= TASK TO COMPLETE =
Transcribe all the entries word for word, but omit the images.

= MATERIALS PROVIDED =
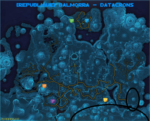 je connait les datacrons et leur emplacements, mais ce n'est pas sa, je vous ai mis une carte des datacrons pour la république et entourer en noir. la plus grande zone entourer permet même d'aller hors map.
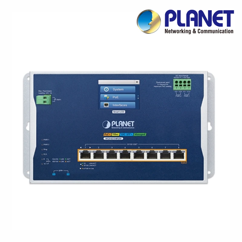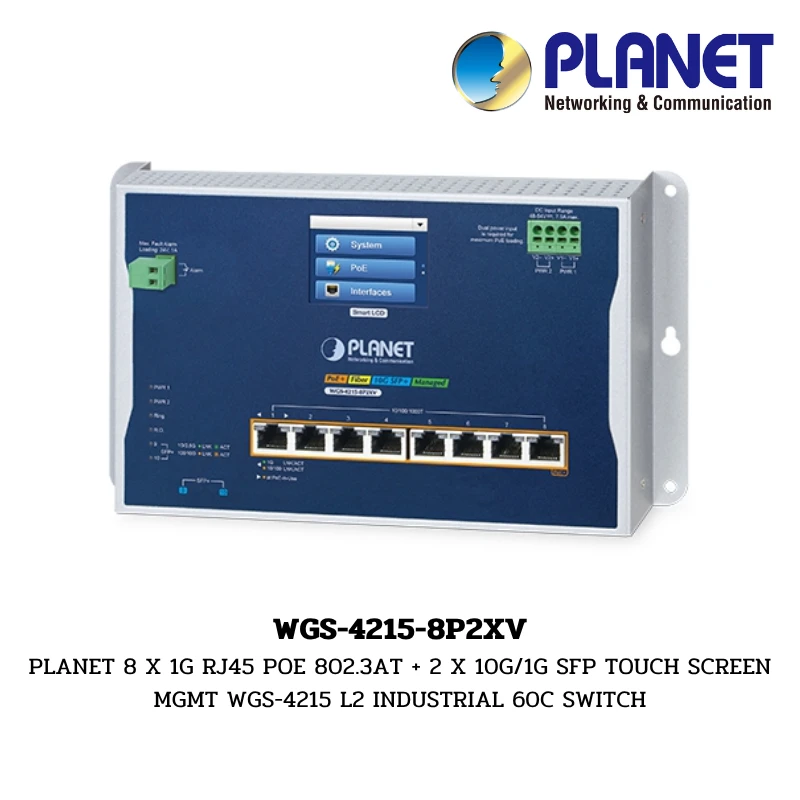 Planet WGS-4215-8P2XV เป็นนวัตกรรม Industrial Managed Switch ดีไซน์แบบ Flat-type ที่ล้ำสมัยด้วยหน้าจอ TFT Color Touchscreen ขนาด 2.4 นิ้ว ช่วยให้ผู้ดูแลระบบสามารถตรวจสอบสถานะและตั้งค่าพื้นฐานได้ทันทีที่หน้าเครื่อง มาพร้อมพอร์ต Gigabit PoE+ 8 พอร์ต และพอร์ต 10G SFP+ Uplink 2 พอร์ต รองรับงบประมาณไฟสูงสุด 288W และฟีเจอร์ Layer 3 Static Routing ออกแบบมาเพื่อการติดตั้งบนผนังในสภาพแวดล้อมอุตสาหกรรมที่ต้องการความคล่องตัวสูงในการบำรุงรักษา
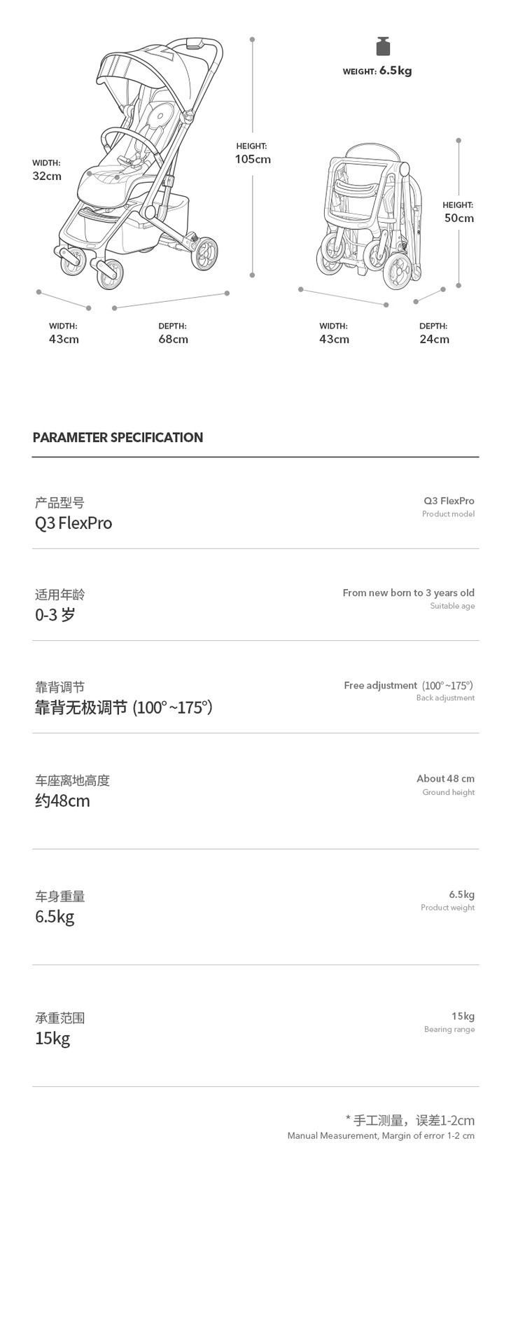 Qtus昆塔斯Q3 婴儿推车轻便折叠儿童伞车遛娃神器小怪兽
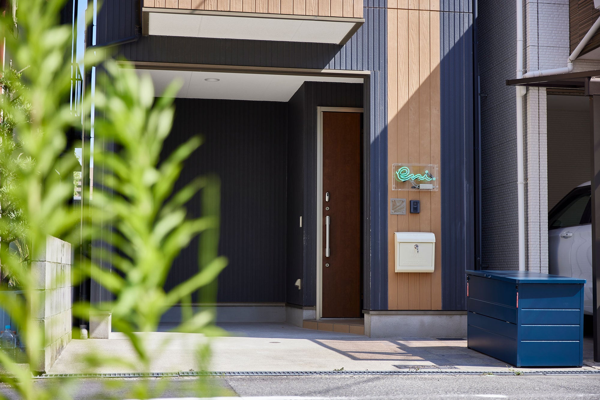 eni.konohanaは、最大12名まで宿泊できる駐車場付き3階建ての貸切一軒家です。お車でお越しのお客様には、乗用車1台分の駐車スペースをご用意しています。
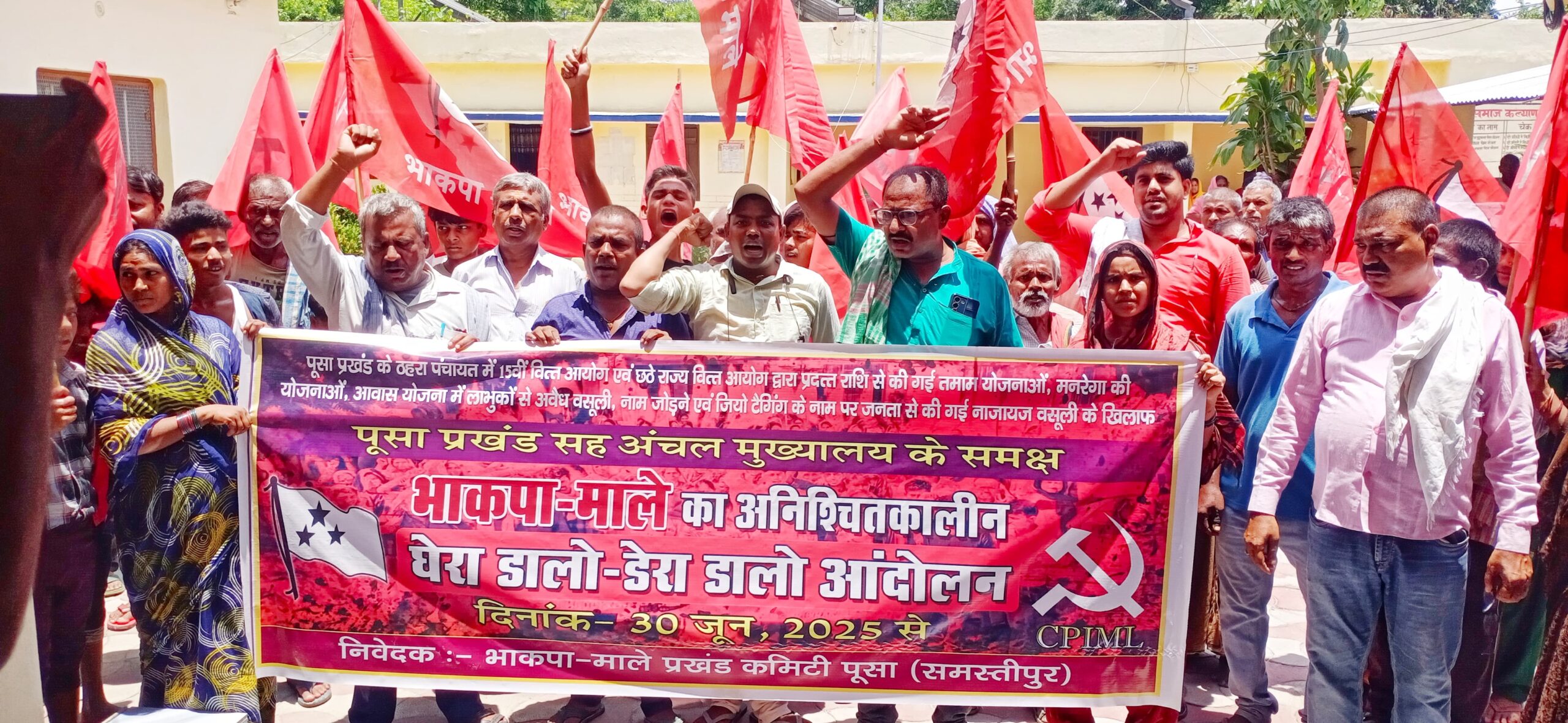जे टी न्यूज, पूसा/समस्तीपुर :प्रखंड के ठहरा पंचायत में 15वीं वित्त आयोग एवं छठे राज्य वित्त आयोग द्वारा प्रदत्त राशि से की गई तमाम योजनाओं की जांच, मनरेगा योजनाओं में लूट-खसोट,भ्रष्टाचार, फर्जी निकासी, फर्जी फोटो अपलोड करने,आवास योजना में लाभुकों से अवैध वसूली,नाम जोड़ने एवं जियो टैगिंग के नाम पर जनता से की गई नाजायज़ वसूली आदि की जांच कर दोषियों पर कार्रवाई करने की मांग को लेकर भाकपा-माले के कार्यकर्ताओं ने बड़ी संख्या में पूसा के मानस मंदिर से जुलूस निकाल विभिन्न मार्ग से होते हुए प्रखंड मुख्यालय पर पहुँचकर आक्रोशपूर्ण प्रदर्शन किया। इसके बाद मनरेगा कार्यालय के सामने सभी कार्यकर्ता अनिश्चितकालीन घेरा डालो-डेरा डालो धरना पर बैठ गए। इसका नेतृत्व भाकपा-माले प्रखंड सचिव अमित कुमार ने किया।

= EXERCISE RESPONSE =
 je connait les datacrons et leur emplacements, mais ce n'est pas sa, je vous ai mis une carte des datacrons pour la république et entourer en noir. la plus grande zone entourer permet même d'aller hors map.
 Planet WGS-4215-8P2XV เป็นนวัตกรรม Industrial Managed Switch ดีไซน์แบบ Flat-type ที่ล้ำสมัยด้วยหน้าจอ TFT Color Touchscreen ขนาด 2.4 นิ้ว ช่วยให้ผู้ดูแลระบบสามารถตรวจสอบสถานะและตั้งค่าพื้นฐานได้ทันทีที่หน้าเครื่อง มาพร้อมพอร์ต Gigabit PoE+ 8 พอร์ต และพอร์ต 10G SFP+ Uplink 2 พอร์ต รองรับงบประมาณไฟสูงสุด 288W และฟีเจอร์ Layer 3 Static Routing ออกแบบมาเพื่อการติดตั้งบนผนังในสภาพแวดล้อมอุตสาหกรรมที่ต้องการความคล่องตัวสูงในการบำรุงรักษา
 Qtus昆塔斯Q3 婴儿推车轻便折叠儿童伞车遛娃神器小怪兽
 eni.konohanaは、最大12名まで宿泊できる駐車場付き3階建ての貸切一軒家です。お車でお越しのお客様には、乗用車1台分の駐車スペースをご用意しています。
जे टी न्यूज, पूसा/समस्तीपुर :प्रखंड के ठहरा पंचायत में 15वीं वित्त आयोग एवं छठे राज्य वित्त आयोग द्वारा प्रदत्त राशि से की गई तमाम योजनाओं की जांच, मनरेगा योजनाओं में लूट-खसोट,भ्रष्टाचार, फर्जी निकासी, फर्जी फोटो अपलोड करने,आवास योजना में लाभुकों से अवैध वसूली,नाम जोड़ने एवं जियो टैगिंग के नाम पर जनता से की गई नाजायज़ वसूली आदि की जांच कर दोषियों पर कार्रवाई करने की मांग को लेकर भाकपा-माले के कार्यकर्ताओं ने बड़ी संख्या में पूसा के मानस मंदिर से जुलूस निकाल विभिन्न मार्ग से होते हुए प्रखंड मुख्यालय पर पहुँचकर आक्रोशपूर्ण प्रदर्शन किया। इसके बाद मनरेगा कार्यालय के सामने सभी कार्यकर्ता अनिश्चितकालीन घेरा डालो-डेरा डालो धरना पर बैठ गए। इसका नेतृत्व भाकपा-माले प्रखंड सचिव अमित कुमार ने किया।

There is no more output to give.